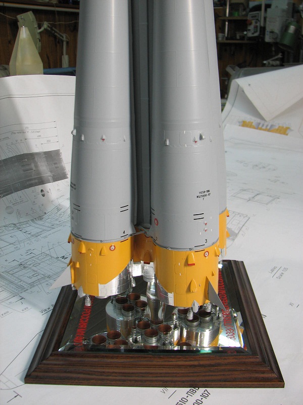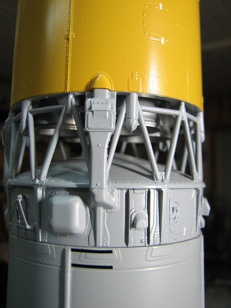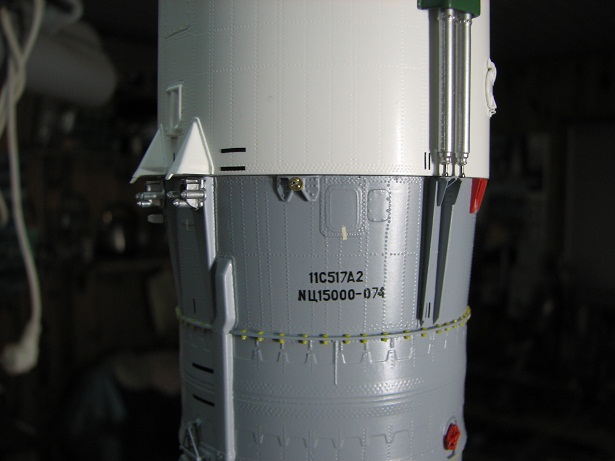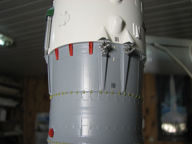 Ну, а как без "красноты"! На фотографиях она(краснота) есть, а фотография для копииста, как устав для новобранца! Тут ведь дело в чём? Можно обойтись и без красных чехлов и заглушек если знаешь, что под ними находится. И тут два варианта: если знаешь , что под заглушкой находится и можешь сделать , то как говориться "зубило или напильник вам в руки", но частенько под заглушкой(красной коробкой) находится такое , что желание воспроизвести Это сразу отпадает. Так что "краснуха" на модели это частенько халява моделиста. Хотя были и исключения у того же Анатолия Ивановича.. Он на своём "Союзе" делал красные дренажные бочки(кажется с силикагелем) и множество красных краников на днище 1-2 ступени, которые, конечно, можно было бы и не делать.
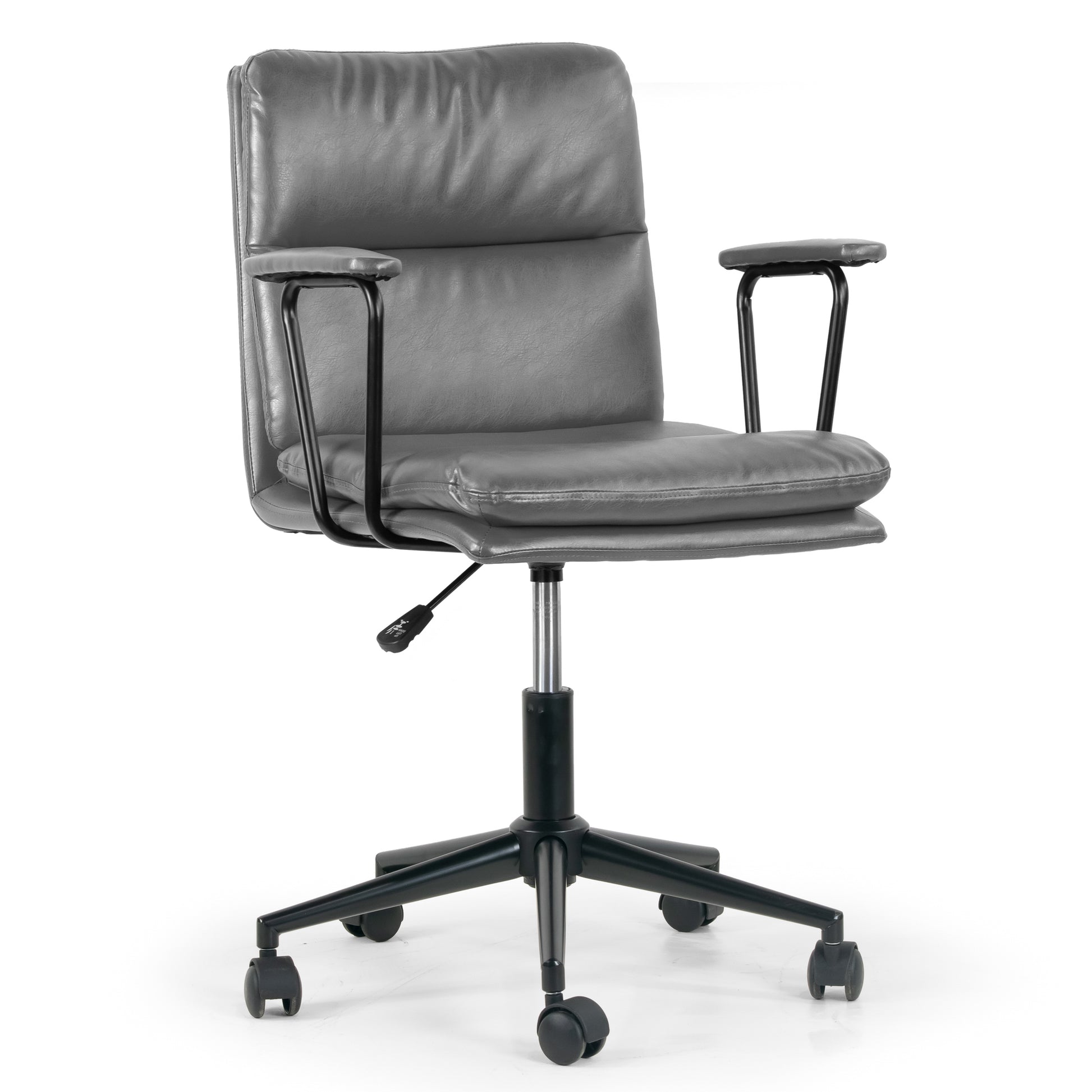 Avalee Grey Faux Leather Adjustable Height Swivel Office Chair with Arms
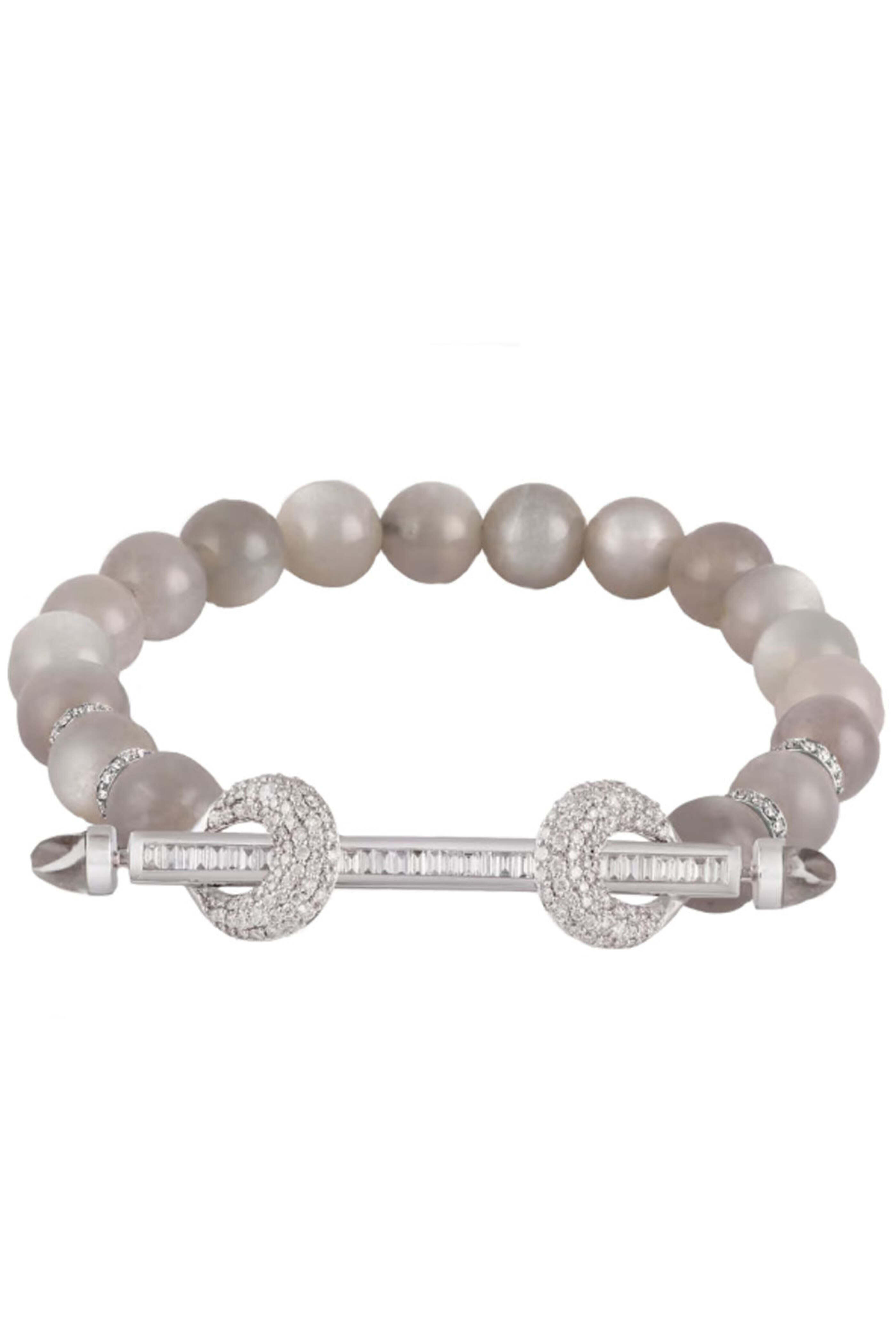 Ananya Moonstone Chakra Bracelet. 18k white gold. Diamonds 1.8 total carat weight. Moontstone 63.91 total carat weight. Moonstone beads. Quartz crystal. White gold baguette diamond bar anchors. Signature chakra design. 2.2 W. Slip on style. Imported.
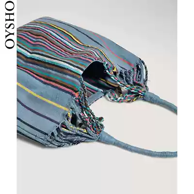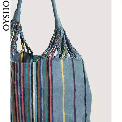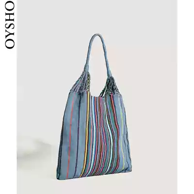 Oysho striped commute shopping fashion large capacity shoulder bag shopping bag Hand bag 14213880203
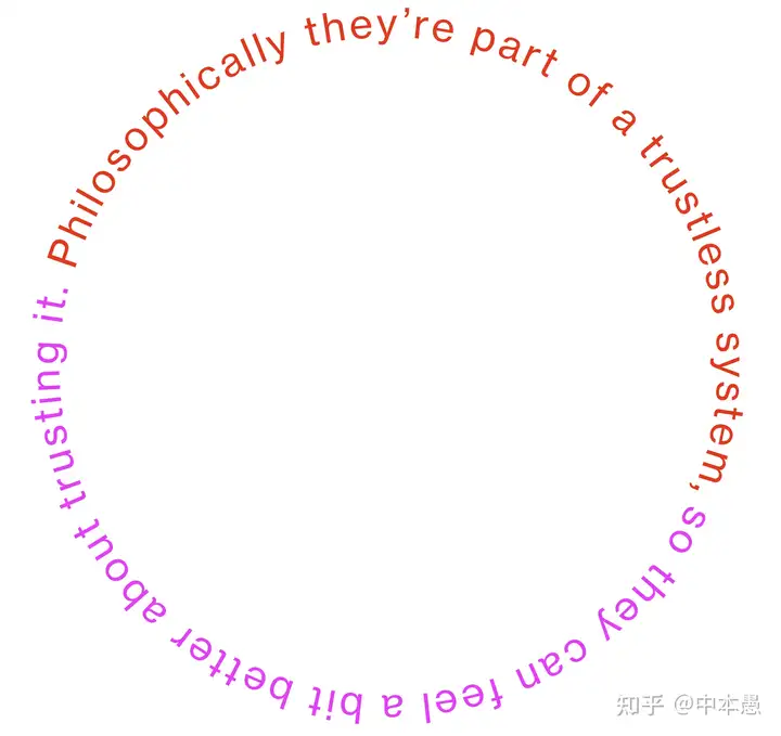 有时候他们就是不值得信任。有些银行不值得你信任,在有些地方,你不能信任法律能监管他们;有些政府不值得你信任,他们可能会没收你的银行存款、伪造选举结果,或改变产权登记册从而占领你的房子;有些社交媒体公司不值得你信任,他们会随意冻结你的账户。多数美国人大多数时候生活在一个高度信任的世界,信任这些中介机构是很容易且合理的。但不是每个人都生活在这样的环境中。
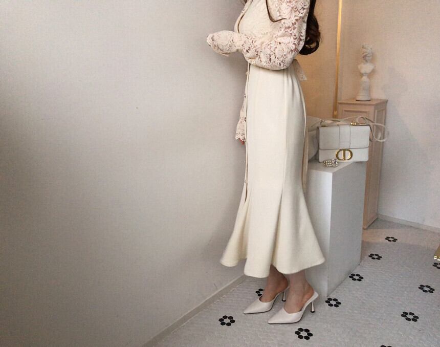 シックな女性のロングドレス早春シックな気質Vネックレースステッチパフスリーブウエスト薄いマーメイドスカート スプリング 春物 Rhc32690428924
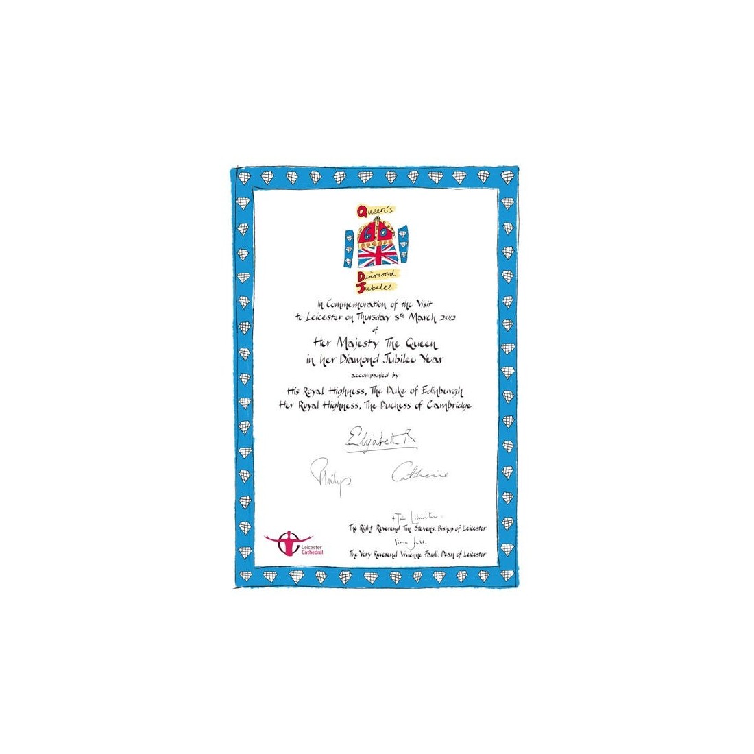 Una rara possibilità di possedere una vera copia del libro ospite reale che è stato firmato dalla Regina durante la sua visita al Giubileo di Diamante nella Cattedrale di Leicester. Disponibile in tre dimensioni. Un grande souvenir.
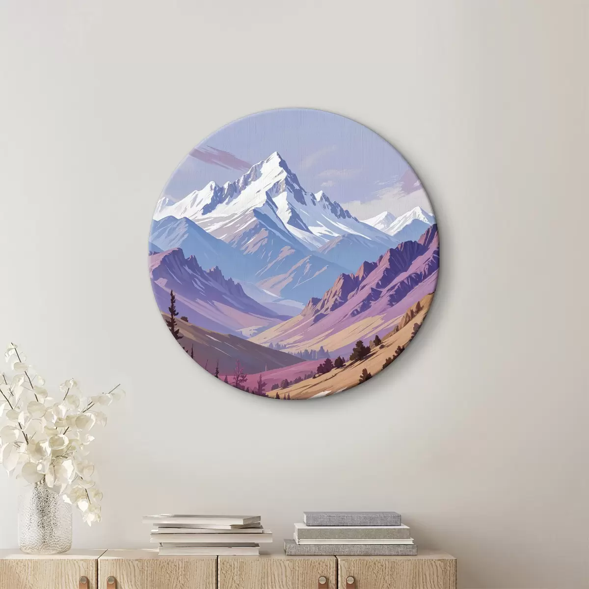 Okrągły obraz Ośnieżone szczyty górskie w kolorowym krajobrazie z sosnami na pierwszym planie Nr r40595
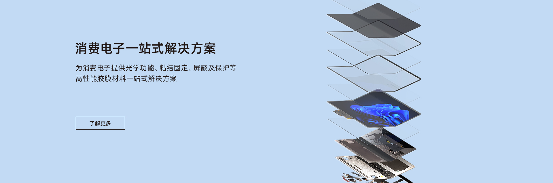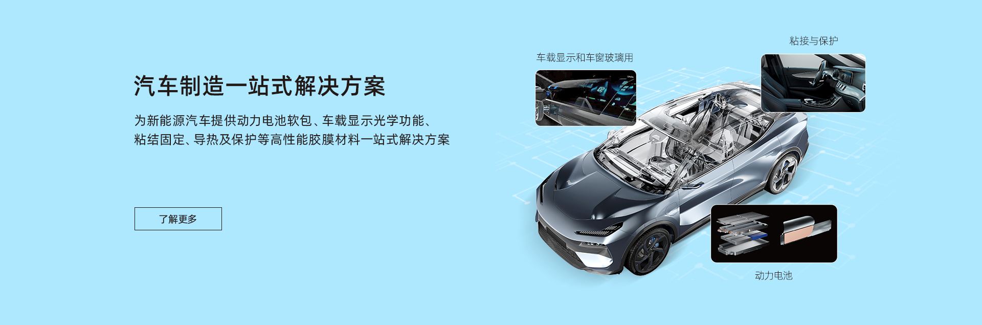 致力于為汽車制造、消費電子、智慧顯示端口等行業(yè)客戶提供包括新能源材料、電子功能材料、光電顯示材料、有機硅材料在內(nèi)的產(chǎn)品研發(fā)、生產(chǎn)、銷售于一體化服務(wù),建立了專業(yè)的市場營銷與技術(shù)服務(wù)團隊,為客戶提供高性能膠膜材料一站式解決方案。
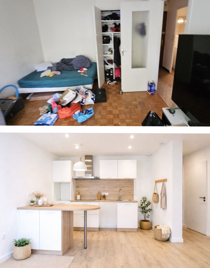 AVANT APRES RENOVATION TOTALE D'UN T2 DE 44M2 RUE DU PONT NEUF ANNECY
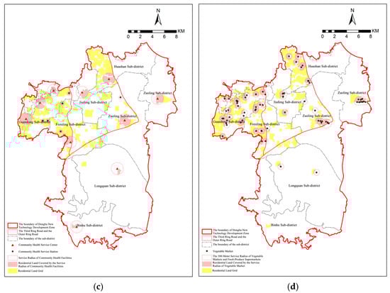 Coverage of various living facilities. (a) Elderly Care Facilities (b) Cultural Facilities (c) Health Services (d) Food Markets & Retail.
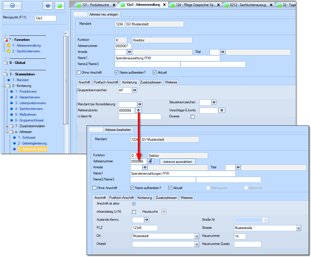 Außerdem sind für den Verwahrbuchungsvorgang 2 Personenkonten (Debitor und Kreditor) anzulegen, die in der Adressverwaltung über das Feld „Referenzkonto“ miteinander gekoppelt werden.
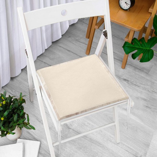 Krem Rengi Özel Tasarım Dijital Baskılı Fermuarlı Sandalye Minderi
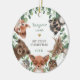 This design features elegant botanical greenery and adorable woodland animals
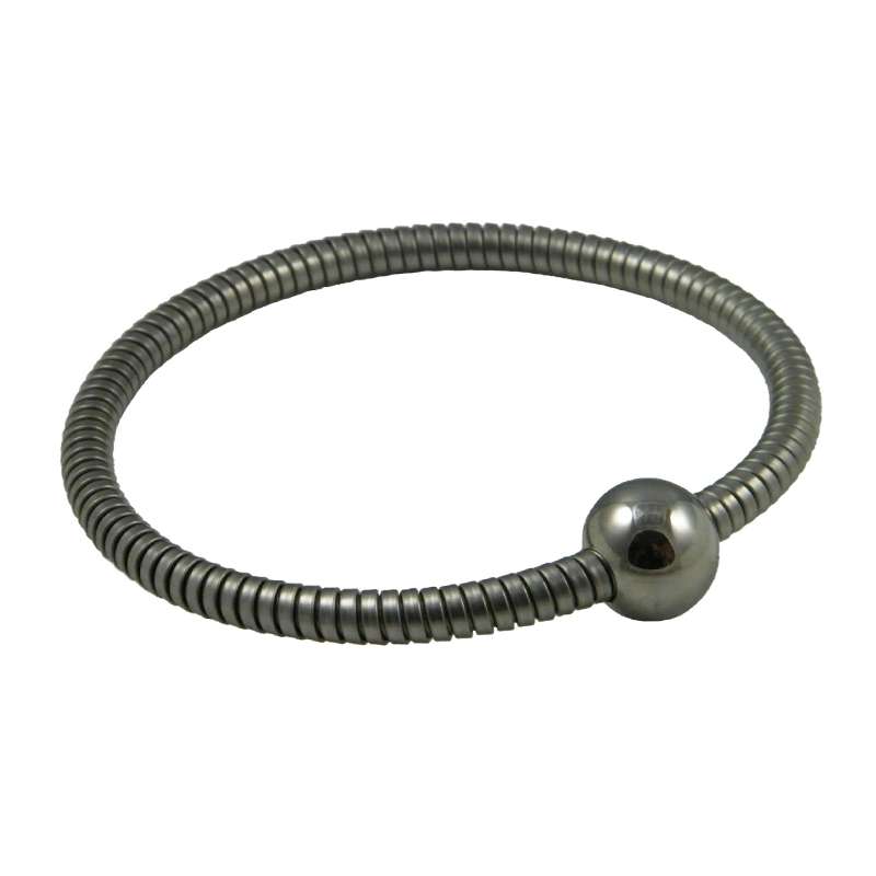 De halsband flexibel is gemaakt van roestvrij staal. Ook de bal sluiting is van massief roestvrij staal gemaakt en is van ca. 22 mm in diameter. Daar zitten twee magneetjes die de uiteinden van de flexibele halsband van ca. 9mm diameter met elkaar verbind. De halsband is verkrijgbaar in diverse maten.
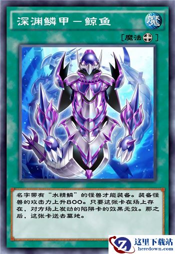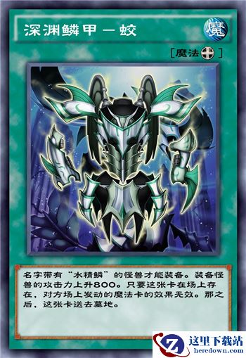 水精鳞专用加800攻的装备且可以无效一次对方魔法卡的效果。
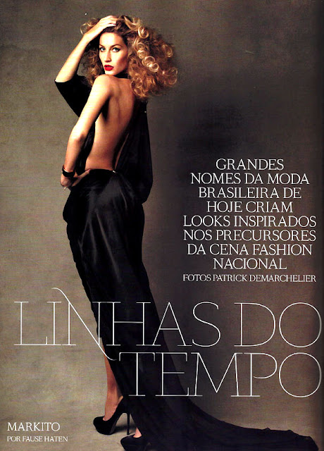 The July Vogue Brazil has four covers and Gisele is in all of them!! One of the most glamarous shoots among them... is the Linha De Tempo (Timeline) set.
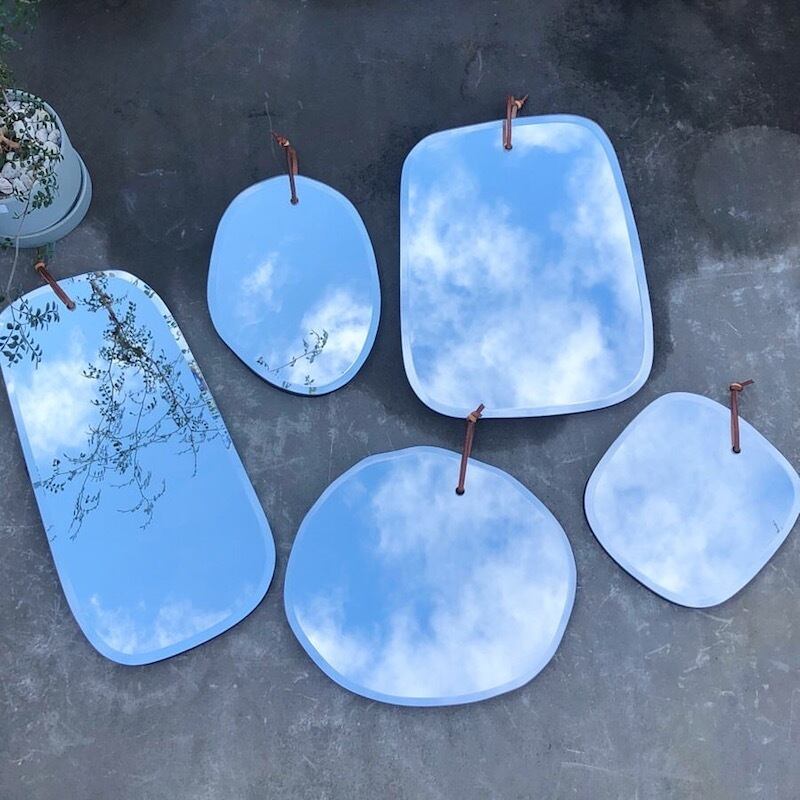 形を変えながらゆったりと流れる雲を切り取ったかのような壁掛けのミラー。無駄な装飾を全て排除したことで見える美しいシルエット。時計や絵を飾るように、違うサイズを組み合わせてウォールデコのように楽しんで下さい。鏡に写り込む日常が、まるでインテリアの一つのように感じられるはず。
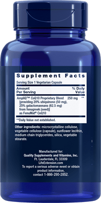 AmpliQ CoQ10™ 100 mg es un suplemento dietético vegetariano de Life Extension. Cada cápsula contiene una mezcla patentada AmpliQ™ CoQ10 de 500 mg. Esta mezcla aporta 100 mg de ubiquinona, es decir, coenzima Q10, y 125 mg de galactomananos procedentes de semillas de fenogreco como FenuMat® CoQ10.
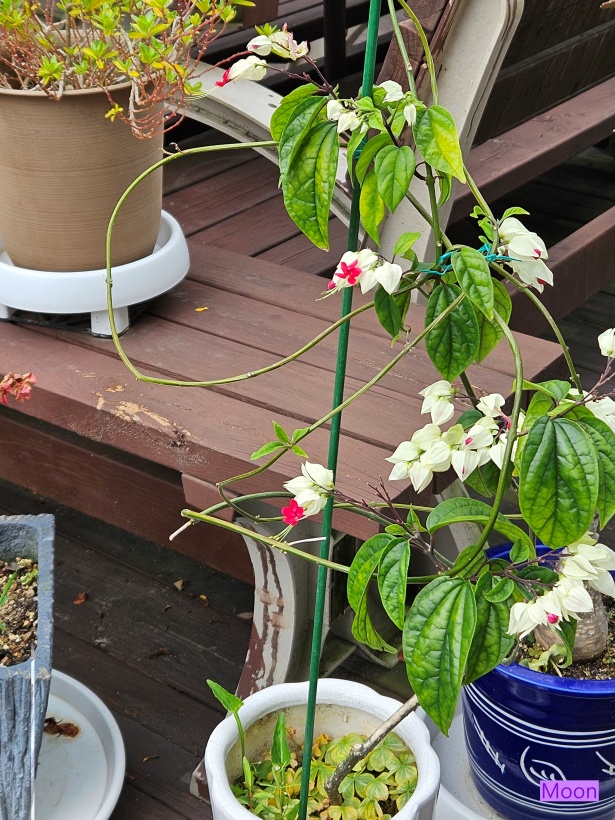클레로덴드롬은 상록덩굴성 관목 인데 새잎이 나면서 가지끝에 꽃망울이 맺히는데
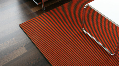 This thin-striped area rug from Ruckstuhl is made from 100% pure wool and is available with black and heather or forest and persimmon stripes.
____________________
* WHAT TO DO
Using the entries above, repeat exactly the lines from the one with "AVANT APRES RENOVATION" to the one with "形を変えながらゆったりと流れ", both included, and leave the pictures behind.

* ANSWER FOR THIS EXERCISE
 AVANT APRES RENOVATION TOTALE D'UN T2 DE 44M2 RUE DU PONT NEUF ANNECY
 Coverage of various living facilities. (a) Elderly Care Facilities (b) Cultural Facilities (c) Health Services (d) Food Markets & Retail.
 Außerdem sind für den Verwahrbuchungsvorgang 2 Personenkonten (Debitor und Kreditor) anzulegen, die in der Adressverwaltung über das Feld „Referenzkonto“ miteinander gekoppelt werden.
 Krem Rengi Özel Tasarım Dijital Baskılı Fermuarlı Sandalye Minderi
 This design features elegant botanical greenery and adorable woodland animals
 De halsband flexibel is gemaakt van roestvrij staal. Ook de bal sluiting is van massief roestvrij staal gemaakt en is van ca. 22 mm in diameter. Daar zitten twee magneetjes die de uiteinden van de flexibele halsband van ca. 9mm diameter met elkaar verbind. De halsband is verkrijgbaar in diverse maten.
 水精鳞专用加800攻的装备且可以无效一次对方魔法卡的效果。
 The July Vogue Brazil has four covers and Gisele is in all of them!! One of the most glamarous shoots among them... is the Linha De Tempo (Timeline) set.
 形を変えながらゆったりと流れる雲を切り取ったかのような壁掛けのミラー。無駄な装飾を全て排除したことで見える美しいシルエット。時計や絵を飾るように、違うサイズを組み合わせてウォールデコのように楽しんで下さい。鏡に写り込む日常が、まるでインテリアの一つのように感じられるはず。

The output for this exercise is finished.